* **ENTRIES SHOWN**:

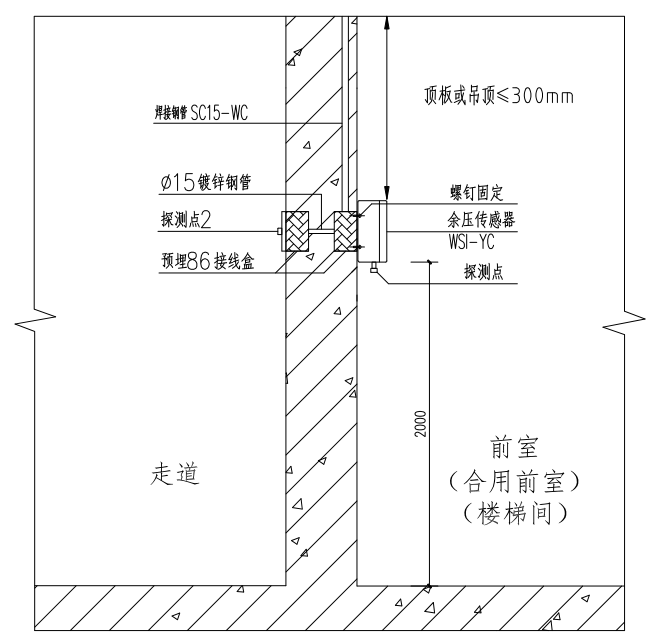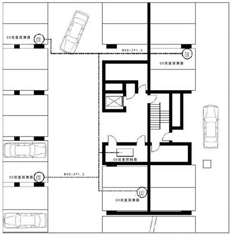 1) CO濃度探測(cè)器安裝在地下車庫(kù)空氣流通的位置,每 300~400平米設(shè)置 1個(gè)檢測(cè)點(diǎn)位,探測(cè)器之間設(shè)置間距≤20m,CO濃度探測(cè)器設(shè)置高度為底
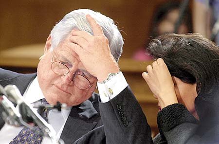 상원 법사위원회 소속인 에드워드 케네디 의원이 지난달 30일 존 애시크로프트 법무장관 지명자의 인준 표결에 앞서 자신의 보좌관과 함께 귀엣말을 나누고 있다. 「워싱턴 AP연합」
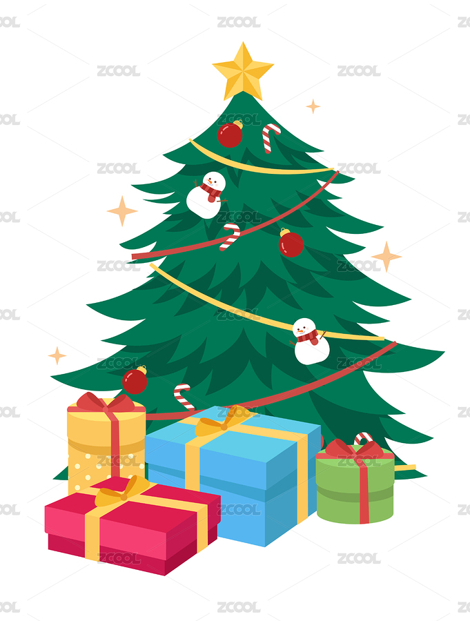 插画,圣诞节,圣诞,惊喜,圣诞树,礼物,礼盒,盒子,雪人,树
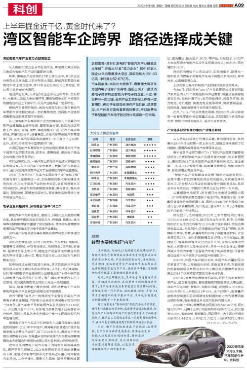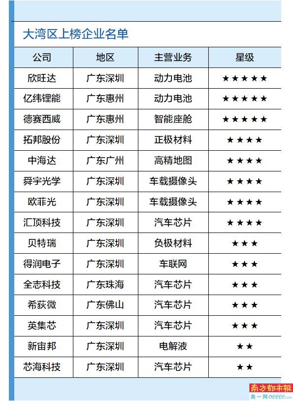 近日南都·湾财社发布的“智能汽车产业链掘金半年榜”,评选出51家“潜力企业”,其中15家入围企业来自粤港澳大湾区,营收总和为951.63亿元,净利润为52.67亿元。
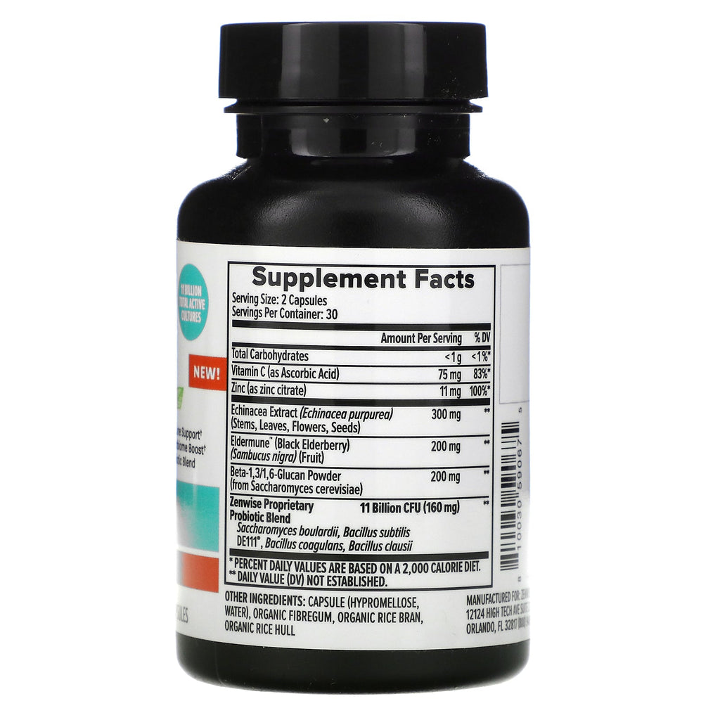 11 Billion Total Active Cultures Daily Immune-System Aid Immune Support Microbiome Boost Probiotic Blend Dietary Supplement Approximately 70% of the immune system resides in the gut to help block out unwanted intruders, so aid your gut and immune health with this dose of Echinacea, Elderberry, and Zinc. With Eldermune™ and 11 billion CFU's of clinically studies DE111® probiotic cultures, BlockAID™ is your daily aid to maintain well-being.Sugg. UseTake 2 capsules daily, with food.Other IngredientsCapsule (hypromellose, water), organic fibregum, organic rice bran, organic rice hull.Supplement FactsServing Size: 2 Capsules Serving Per Container: 30 Amount Per Serving %Daily Value Total Carbohydrates <1 g <1%* Vitamin C (as Ascorbic Acid) 75 mg 83%* Zinc (as zinc citrate) 11 mg 100%* Echinacea Extract (Echinacea purpure) (Stems, Leaves, Flowers, Seeds) 300 mg ** Eldermune™ (Black Elderberry) (Sambucus nigra) (fruit) 200 mg ** Beta-1,3/1, 6-Glucan Powder (from Saccharomyces cerevisiae) 200 mg ** Zenwise Proprietary Probiotic Blend...

* **WHAT TO WORK ON**: Repeat every record above exactly, but leave out any pictures.

* **REPLY**:
 1) CO濃度探測(cè)器安裝在地下車庫(kù)空氣流通的位置,每 300~400平米設(shè)置 1個(gè)檢測(cè)點(diǎn)位,探測(cè)器之間設(shè)置間距≤20m,CO濃度探測(cè)器設(shè)置高度為底
 상원 법사위원회 소속인 에드워드 케네디 의원이 지난달 30일 존 애시크로프트 법무장관 지명자의 인준 표결에 앞서 자신의 보좌관과 함께 귀엣말을 나누고 있다. 「워싱턴 AP연합」
 插画,圣诞节,圣诞,惊喜,圣诞树,礼物,礼盒,盒子,雪人,树
 近日南都·湾财社发布的“智能汽车产业链掘金半年榜”,评选出51家“潜力企业”,其中15家入围企业来自粤港澳大湾区,营收总和为951.63亿元,净利润为52.67亿元。
 11 Billion Total Active Cultures Daily Immune-System Aid Immune Support Microbiome Boost Probiotic Blend Dietary Supplement Approximately 70% of the immune system resides in the gut to help block out unwanted intruders, so aid your gut and immune health with this dose of Echinacea, Elderberry, and Zinc. With Eldermune™ and 11 billion CFU's of clinically studies DE111® probiotic cultures, BlockAID™ is your daily aid to maintain well-being.Sugg. UseTake 2 capsules daily, with food.Other IngredientsCapsule (hypromellose, water), organic fibregum, organic rice bran, organic rice hull.Supplement FactsServing Size: 2 Capsules Serving Per Container: 30 Amount Per Serving %Daily Value Total Carbohydrates <1 g <1%* Vitamin C (as Ascorbic Acid) 75 mg 83%* Zinc (as zinc citrate) 11 mg 100%* Echinacea Extract (Echinacea purpure) (Stems, Leaves, Flowers, Seeds) 300 mg ** Eldermune™ (Black Elderberry) (Sambucus nigra) (fruit) 200 mg ** Beta-1,3/1, 6-Glucan Powder (from Saccharomyces cerevisiae) 200 mg ** Zenwise Proprietary Probiotic Blend...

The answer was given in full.